■ Dataset entries
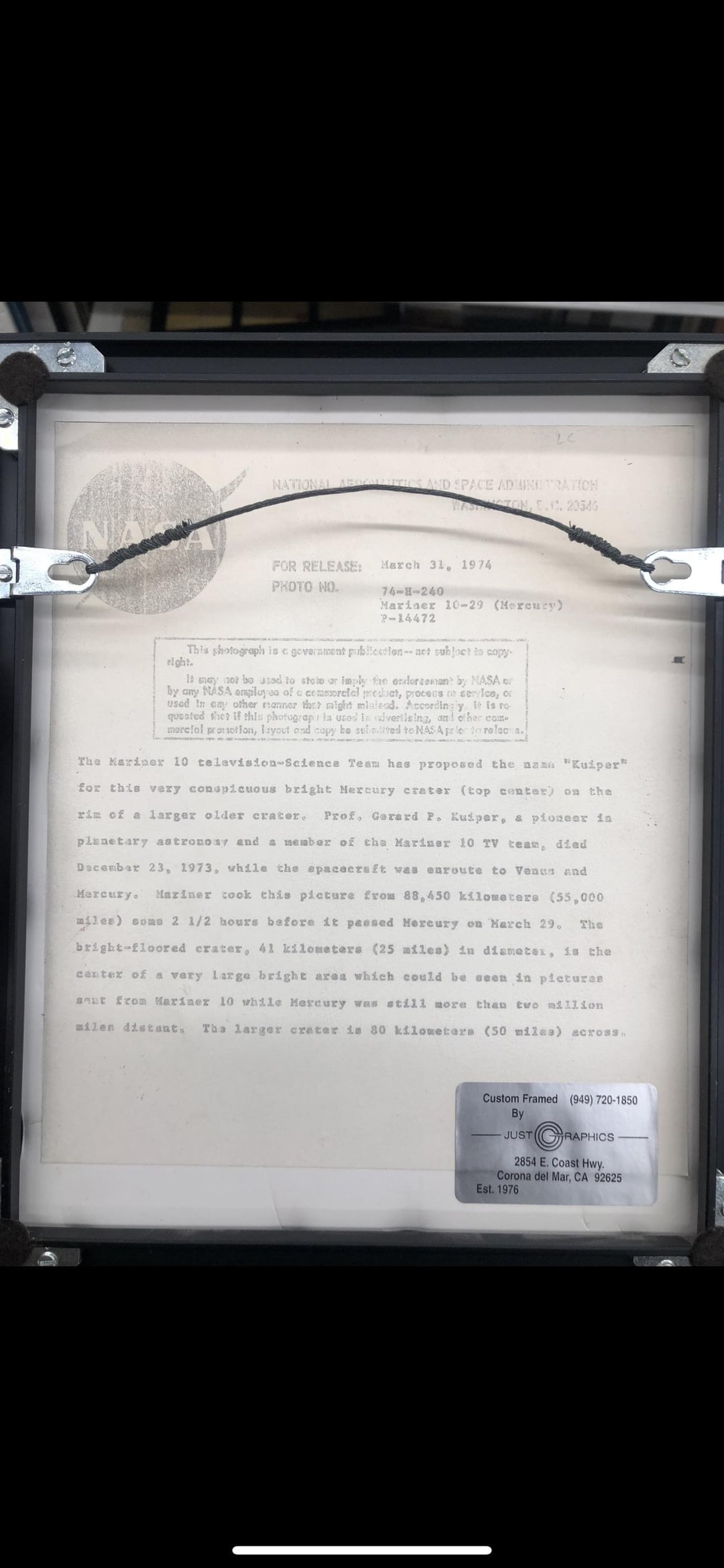 It’s just a cheap reprint. NASA photos had either red or blue serial numbers on them.
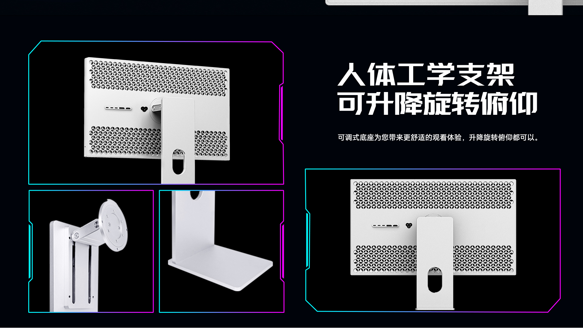 - 配备 ATW 光学补偿技术以及全贴合 AR 防眩光涂层技术
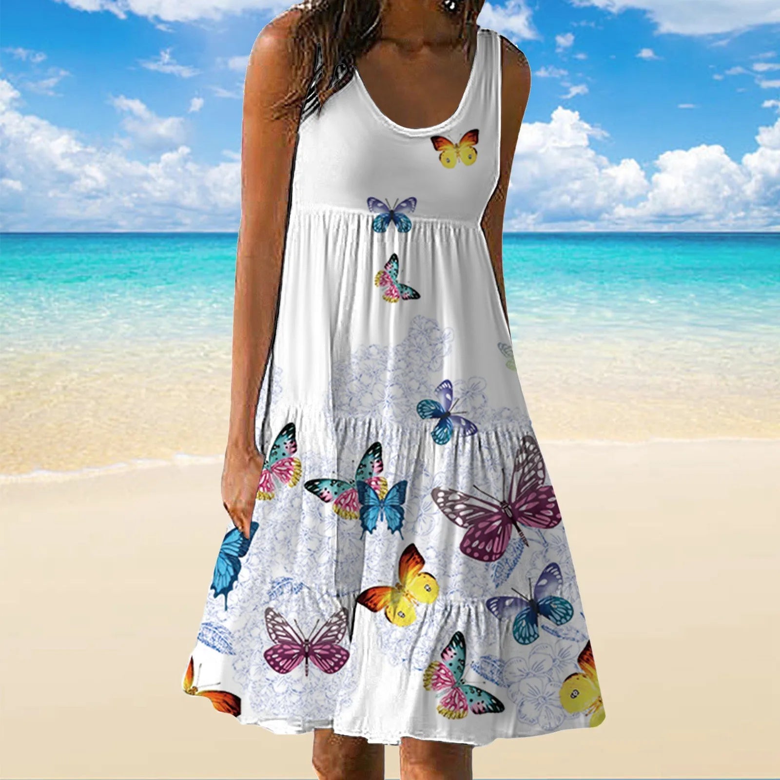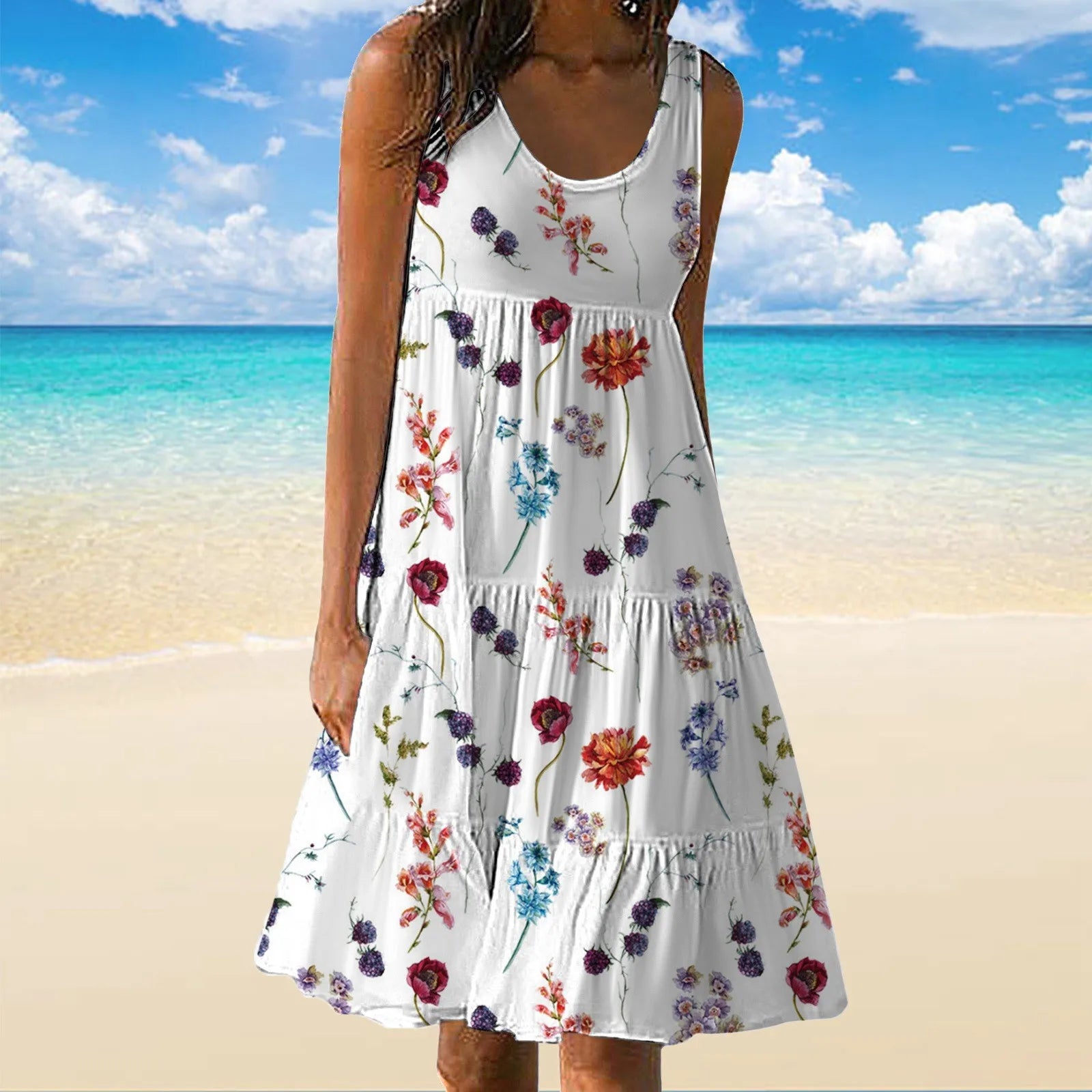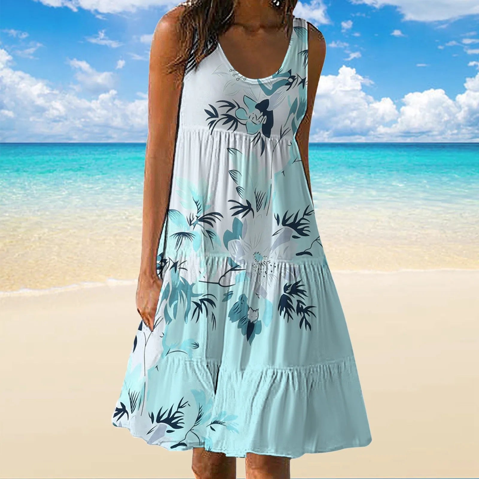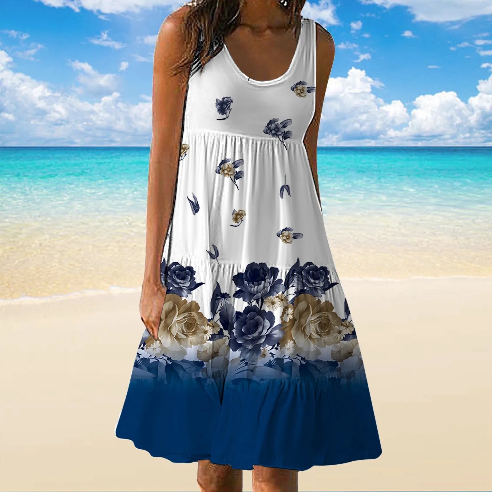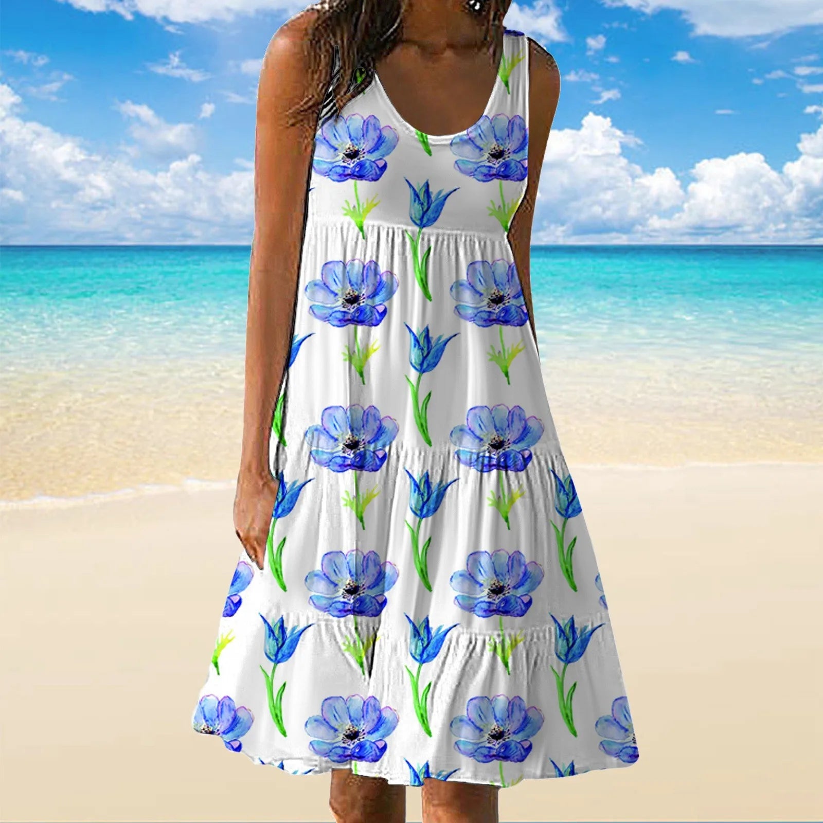 Women Summer Casual Dress Crew Neck Sleeveless Tank Dress Beach Dress Swing Dress Fashion Loose Midi Dress
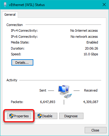 Another new window will open called vEthernet (WSL) Status.
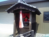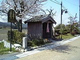 {右}一里山地蔵堂 右に道が分岐する角を過ぎると綾戸燃料住設(南土山121)の別棟手前にある。堂は昭和45年築でカラフルに彩色された半浮彫の地蔵2体が安置されている。手前角の左には「木綿屋」屋号札の民家があり「歴史の道 東海道」金属製立札もある。少し進むと右に平成3年建立「土山宿 旅籠 大槌屋跡」石柱がある。この先にも旅籠跡には石柱が建てられている。 |
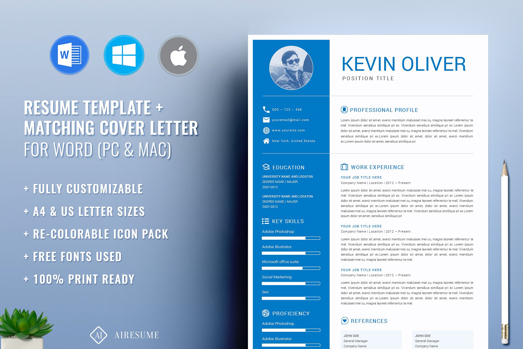 一个专业设计,简单现代的简历模板,这有助于你达到目标。非常容易定制,您可以对这些模板进行任何类型的调整,以适应您的口味。
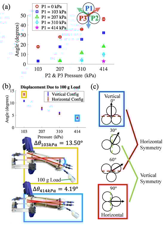Stiffness modulation of the OBA: (a) bending angle of the OBA under different combinations of chamber pressures. (b) (upper) angular displacement of the OBA due to a 100 g payload versus the pressure of the chambers, (middle) image of the deformed OBA at 103 kPa, and (lower) image of the deformed OBA at 414 kPa. (c) cross-sectional symmetry of the OBA: 0° and 60° exhibit horizontal symmetry while 30° and 90° exhibit vertical symmetry.
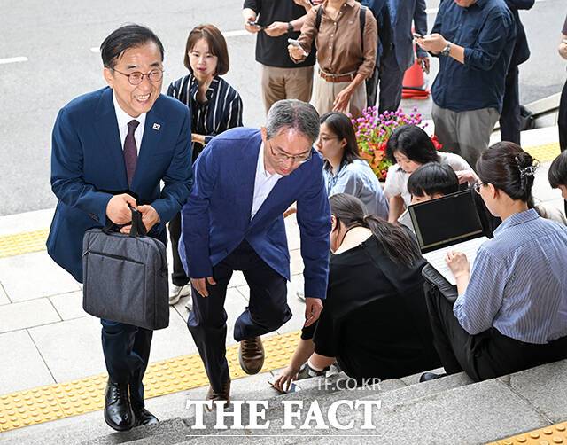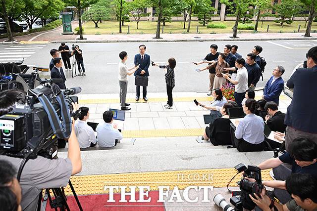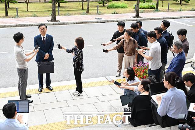 [더팩트ㅣ과천=장윤석 기자] 김윤덕 국토교통부 장관 후보자가 15일 오전 경기 과천시 정부과천청사에 마련된 인사청문회 준비 사무실로 첫 출근하며 취재진 질문에 답하고 있다.
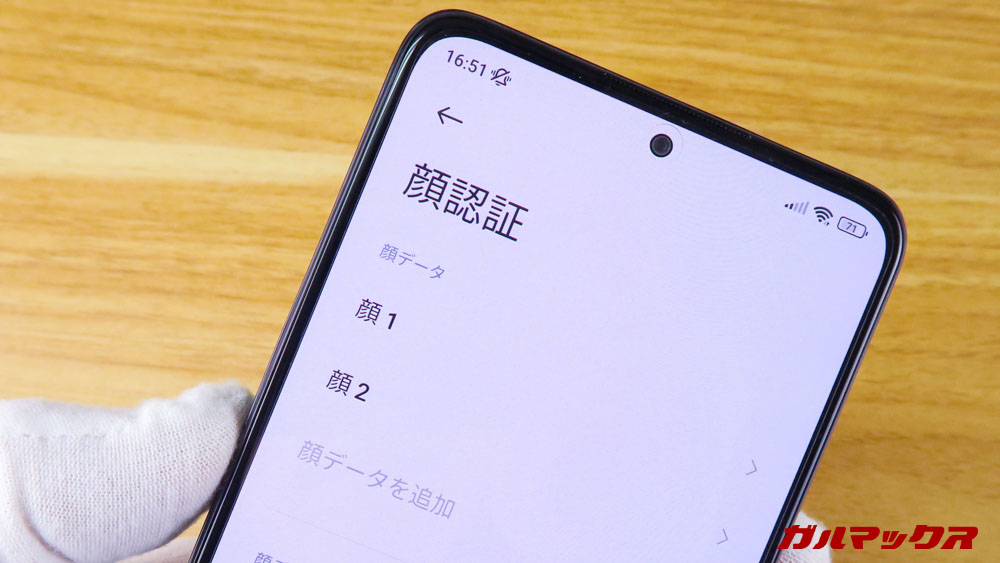 ▼顔認証に関しては文句なし!また2回まで顔を登録させることができるので、顔認証の精度を上げることができるほか、メガネの有無それぞれで登録させることで認証確率を底上げできるのもGood!↓
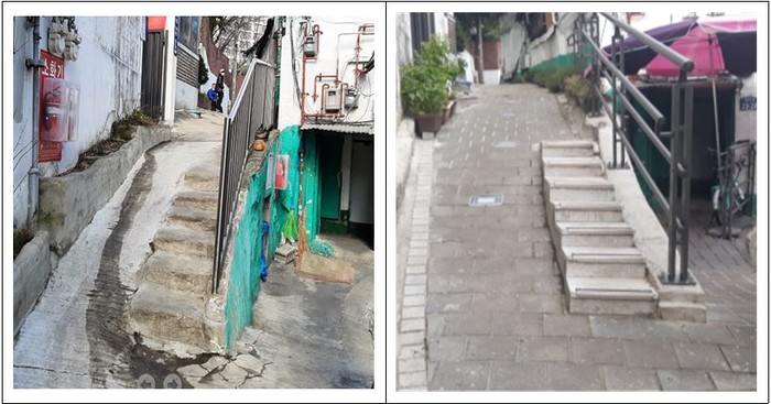 | ▲ (왼쪽부터)공사 전 경사로, 공사 후 경사로.(사진제공=박영한 의원) |
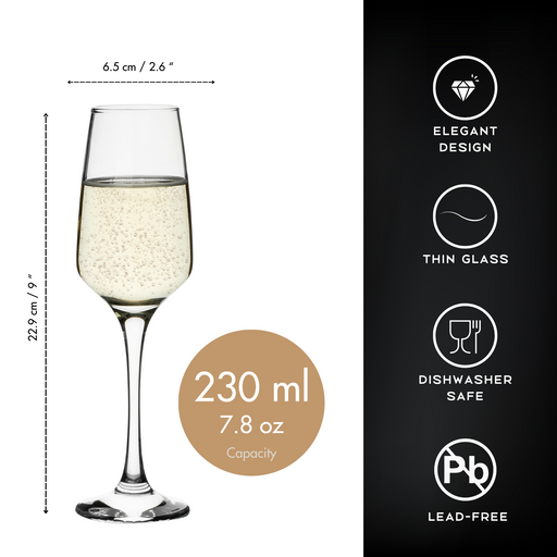 Raise a toast in style with the Homiu Florence Collection Crystal Champagne Flutes Set. This elegant set includes six 230 ML flutes, each crafted f...
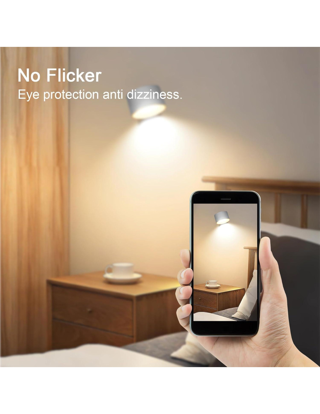 - Luz de Pared Inalámbrica con Control Táctil: Lámpara montada en la pared regulable que ajusta el brillo y el modo de luz de la lámpara de pared inalámbrica con el toque del botón de encendido. Mantén presionado el botón de encendido para ajustar la temperatura de color: 2700K (luz cálida), 4000K (luz natural), 5700K (luz blanca). Presiona brevemente el botón de encendido para ajustar el brillo: luz baja, luz media, luz alta. El sconce de pared inalámbrico recuerda el último modo de luz utilizado para mayor comodidad al usarlo nuevamente.
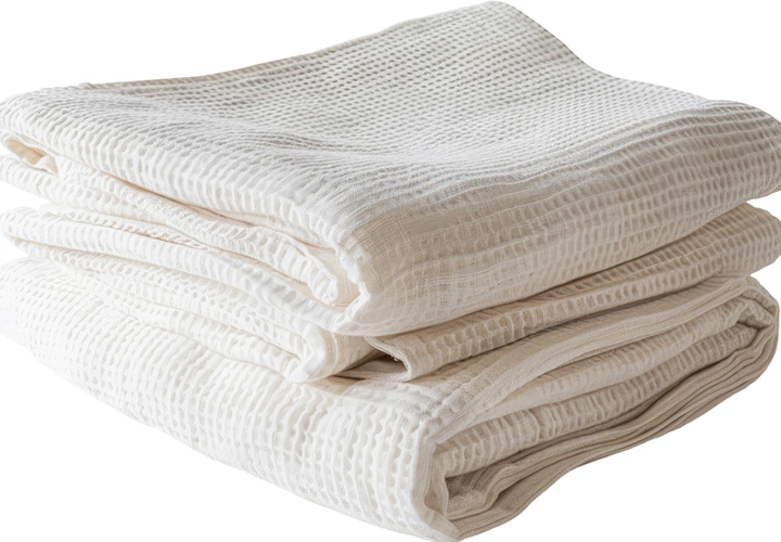Waffle-textured blanket offering breathable warmth and lightweight comfort.
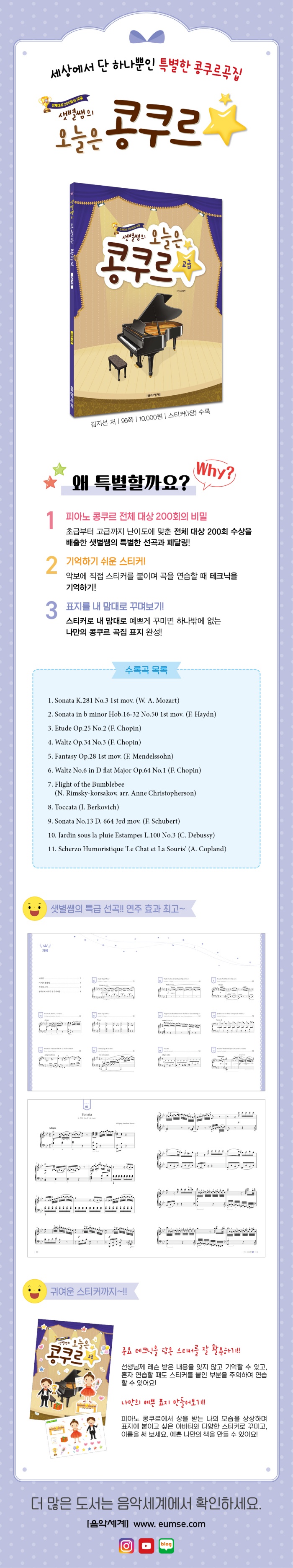 ‘ÇǾƳë ÄáÄí¸£ Àüü ´ë»ó 200ȸÀÇ ºñ¹Ð’ÀÇ ÀúÀÚ »ûº°½Ü ±èÁö¼± ¿øÀåÀÇ ÇǾƳë ÄáÄí¸£ °îÁýÀÔ´Ï´Ù. Áß±Þ, °í±Þ ÃÑ 3±ÇÀ¸·Î ÀûÀýÇÏ°Ô ³À̵µº°·Î ¹è¿ÇÏ¿´½À´Ï´Ù. ¿¬ÁÖ°îÁýÀ¸·Î¼ ¿¬ÁÖ¿¡¸¸ ÃÊÁ¡À» ¸ÂÃ߱⠺¸´Ù ³»°¡ ¿¬ÁÖÇÏ´Â ÀÌ °î¿¡ ´ëÇØ Á¤È®È÷ ¾Ë°í ¿¬ÁÖÇÒ ¼ö ÀÖµµ·Ï ÀÌ °îÀÇ Æ¯Â¡À» µû¶ó ¾µ ¼ö ÀÖµµ·Ï ±¸¼ºÇÏ¿´½À´Ï´Ù. ¶ÇÇÑ ³»Áö¿¡´Â Áß¿ä Å×Å©´ÐÀ» ´ãÀº ½ºÆ¼Ä¿¸¦ Ȱ¿ëÇÒ ¼ö ÀÖµµ·Ï ÇÏ¿© ¼±»ý´Ô²² ·¹½¼ ¹ÞÀº ³»¿ëÀ» ÀØÁö ¾Ê°í ±â¾ïÇØ È¥ÀÚ ¿¬½ÀÇÒ ¶§µµ ÁÖÀÇÇÏ¿© ¿¬½ÀÇÒ ¼ö ÀÖ½À´Ï´Ù. ÇǾƳë ÄáÄí¸£¿¡¼ »óÀ» ¹Þ´Â ³ªÀÇ ¸ð½ÀÀ» »ó»óÇÏ¸ç ³ª¸¸ÀÇ Ç¥Áö¸¦ ¿¹»Ú°Ô ²Ù¹Ð ¼ö ÀÖ°Ô ³»°¡ ºÙÀÌ°í ½ÍÀº ¾Æ¹ÙŸ¿Í ´Ù¾çÇÑ ½ºÆ¼Ä¿·Î ²Ù¹Ì°í À̸§À» ¾µ ¼ö ÀÖ¾î ¾ÆÀ̵éÀÇ Èï¹Ì¸¦ À¯¹ßÇÏ¿´½À´Ï´Ù. Æ÷ÇÚÁî °îÀ» ¼ö·ÏÇÏ¿© ¾Ó»óºíÀÇ Áñ°Å¿òµµ ´À³¥ ¼ö ÀÖ½À´Ï´Ù.

■ ACTIVITY
The data is to be returned exactly as it stands, pictures aside.

■ EXERCISE OUTPUT
 It’s just a cheap reprint. NASA photos had either red or blue serial numbers on them.
 - 配备 ATW 光学补偿技术以及全贴合 AR 防眩光涂层技术
 Women Summer Casual Dress Crew Neck Sleeveless Tank Dress Beach Dress Swing Dress Fashion Loose Midi Dress
 Another new window will open called vEthernet (WSL) Status.
 {右}一里山地蔵堂 右に道が分岐する角を過ぎると綾戸燃料住設(南土山121)の別棟手前にある。堂は昭和45年築でカラフルに彩色された半浮彫の地蔵2体が安置されている。手前角の左には「木綿屋」屋号札の民家があり「歴史の道 東海道」金属製立札もある。少し進むと右に平成3年建立「土山宿 旅籠 大槌屋跡」石柱がある。この先にも旅籠跡には石柱が建てられている。 |
 一个专业设计,简单现代的简历模板,这有助于你达到目标。非常容易定制,您可以对这些模板进行任何类型的调整,以适应您的口味。
Stiffness modulation of the OBA: (a) bending angle of the OBA under different combinations of chamber pressures. (b) (upper) angular displacement of the OBA due to a 100 g payload versus the pressure of the chambers, (middle) image of the deformed OBA at 103 kPa, and (lower) image of the deformed OBA at 414 kPa. (c) cross-sectional symmetry of the OBA: 0° and 60° exhibit horizontal symmetry while 30° and 90° exhibit vertical symmetry.
 [더팩트ㅣ과천=장윤석 기자] 김윤덕 국토교통부 장관 후보자가 15일 오전 경기 과천시 정부과천청사에 마련된 인사청문회 준비 사무실로 첫 출근하며 취재진 질문에 답하고 있다.
 ▼顔認証に関しては文句なし!また2回まで顔を登録させることができるので、顔認証の精度を上げることができるほか、メガネの有無それぞれで登録させることで認証確率を底上げできるのもGood!↓
 | ▲ (왼쪽부터)공사 전 경사로, 공사 후 경사로.(사진제공=박영한 의원) |
 Raise a toast in style with the Homiu Florence Collection Crystal Champagne Flutes Set. This elegant set includes six 230 ML flutes, each crafted f...
 - Luz de Pared Inalámbrica con Control Táctil: Lámpara montada en la pared regulable que ajusta el brillo y el modo de luz de la lámpara de pared inalámbrica con el toque del botón de encendido. Mantén presionado el botón de encendido para ajustar la temperatura de color: 2700K (luz cálida), 4000K (luz natural), 5700K (luz blanca). Presiona brevemente el botón de encendido para ajustar el brillo: luz baja, luz media, luz alta. El sconce de pared inalámbrico recuerda el último modo de luz utilizado para mayor comodidad al usarlo nuevamente.
Waffle-textured blanket offering breathable warmth and lightweight comfort.
 ‘ÇǾƳë ÄáÄí¸£ Àüü ´ë»ó 200ȸÀÇ ºñ¹Ð’ÀÇ ÀúÀÚ »ûº°½Ü ±èÁö¼± ¿øÀåÀÇ ÇǾƳë ÄáÄí¸£ °îÁýÀÔ´Ï´Ù. Áß±Þ, °í±Þ ÃÑ 3±ÇÀ¸·Î ÀûÀýÇÏ°Ô ³À̵µº°·Î ¹è¿ÇÏ¿´½À´Ï´Ù. ¿¬ÁÖ°îÁýÀ¸·Î¼ ¿¬ÁÖ¿¡¸¸ ÃÊÁ¡À» ¸ÂÃ߱⠺¸´Ù ³»°¡ ¿¬ÁÖÇÏ´Â ÀÌ °î¿¡ ´ëÇØ Á¤È®È÷ ¾Ë°í ¿¬ÁÖÇÒ ¼ö ÀÖµµ·Ï ÀÌ °îÀÇ Æ¯Â¡À» µû¶ó ¾µ ¼ö ÀÖµµ·Ï ±¸¼ºÇÏ¿´½À´Ï´Ù. ¶ÇÇÑ ³»Áö¿¡´Â Áß¿ä Å×Å©´ÐÀ» ´ãÀº ½ºÆ¼Ä¿¸¦ Ȱ¿ëÇÒ ¼ö ÀÖµµ·Ï ÇÏ¿© ¼±»ý´Ô²² ·¹½¼ ¹ÞÀº ³»¿ëÀ» ÀØÁö ¾Ê°í ±â¾ïÇØ È¥ÀÚ ¿¬½ÀÇÒ ¶§µµ ÁÖÀÇÇÏ¿© ¿¬½ÀÇÒ ¼ö ÀÖ½À´Ï´Ù. ÇǾƳë ÄáÄí¸£¿¡¼ »óÀ» ¹Þ´Â ³ªÀÇ ¸ð½ÀÀ» »ó»óÇÏ¸ç ³ª¸¸ÀÇ Ç¥Áö¸¦ ¿¹»Ú°Ô ²Ù¹Ð ¼ö ÀÖ°Ô ³»°¡ ºÙÀÌ°í ½ÍÀº ¾Æ¹ÙŸ¿Í ´Ù¾çÇÑ ½ºÆ¼Ä¿·Î ²Ù¹Ì°í À̸§À» ¾µ ¼ö ÀÖ¾î ¾ÆÀ̵éÀÇ Èï¹Ì¸¦ À¯¹ßÇÏ¿´½À´Ï´Ù. Æ÷ÇÚÁî °îÀ» ¼ö·ÏÇÏ¿© ¾Ó»óºíÀÇ Áñ°Å¿òµµ ´À³¥ ¼ö ÀÖ½À´Ï´Ù.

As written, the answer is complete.